Greatness set in stone

The series against Zimbabwe will not be remembered in great detail for a long time but, amongst the avalanche of runs on two blameless pitches, one man set his obvious ‘greatness’ in foundations of solid rock.

In taking his career average from 41 to 46.4 Jacques Kallis took such a giant stride through the acres of “middle ground” towards the very best who have ever played the game that it will be all-but impossible for him to return.

As much as people may care to debate the point, cricket is a game ruled and governed by statistics and that is how players are judged and will be remembered. Even the ‘characters’ and the gentlemen of the game are introduced as “Fred Smith who scored 10,000 runs at an average of 40 but was so much more than that…” The statistics come first.

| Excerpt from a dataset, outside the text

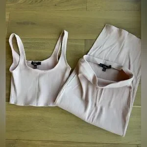 Lulus Pink Ribbed Two-Piece Tank & Skirt Set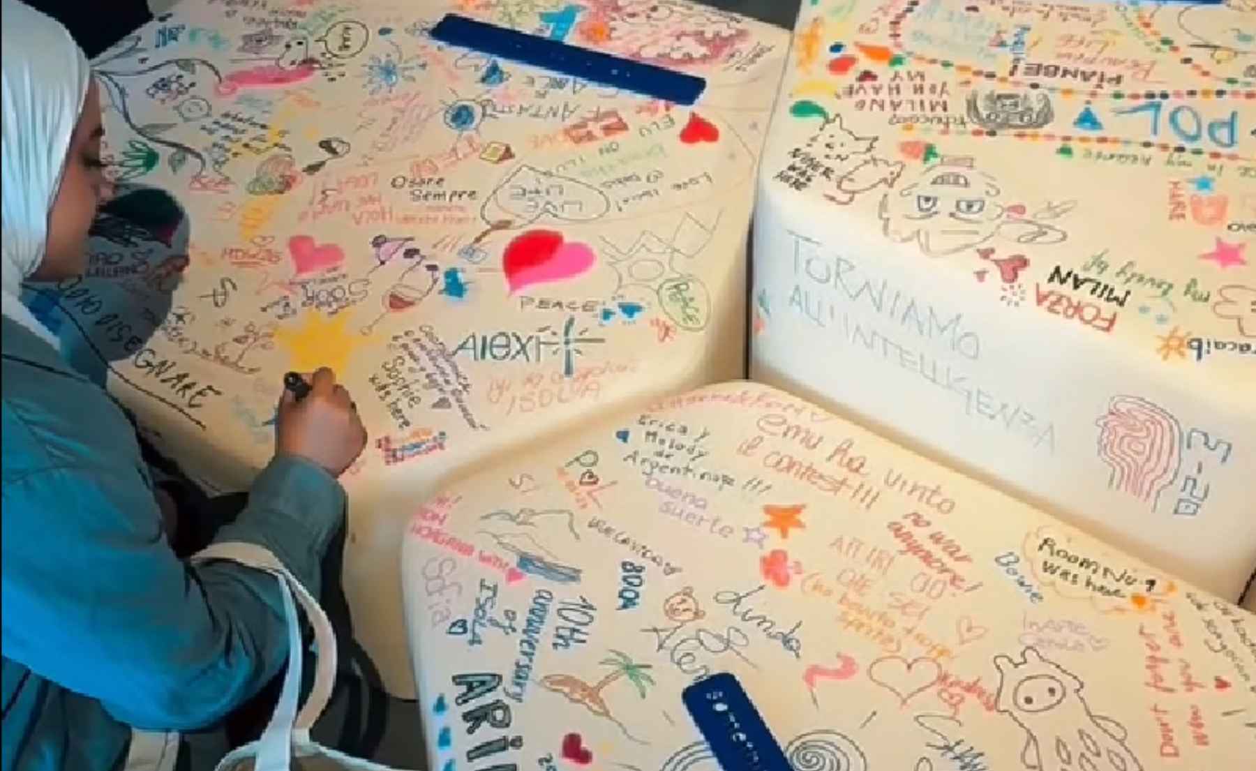 Designed by Wazni for Studio Obliq, The Conversation Sofa is a drawable, writable sofa that becomes a living archive of all those who visit it.

The popular statistical mantra dictates that average Test batsmen average between 35 and 40. Good players average between 40 and 45. Very good players average between 45 and 50 and that rarity, the ‘great’ player, averages over 50.

Kallis is now virtually assured of an average in the 40s for the rest of his career because he would have to lose form form so horribly, for so long, that he is likely to be dropped before his career average dips below the 40 mark.

In all probability, however, his sky-high confidence, supreme skill, impressive fitness, extraordinary concentration and insatiable desire will see him build on the success of this tour. An average of 41 was neither here nor there for Jacques Henry Kallis before the tour began. Now, however, the threshold of greatness is virtually within touching distance. Watch him go.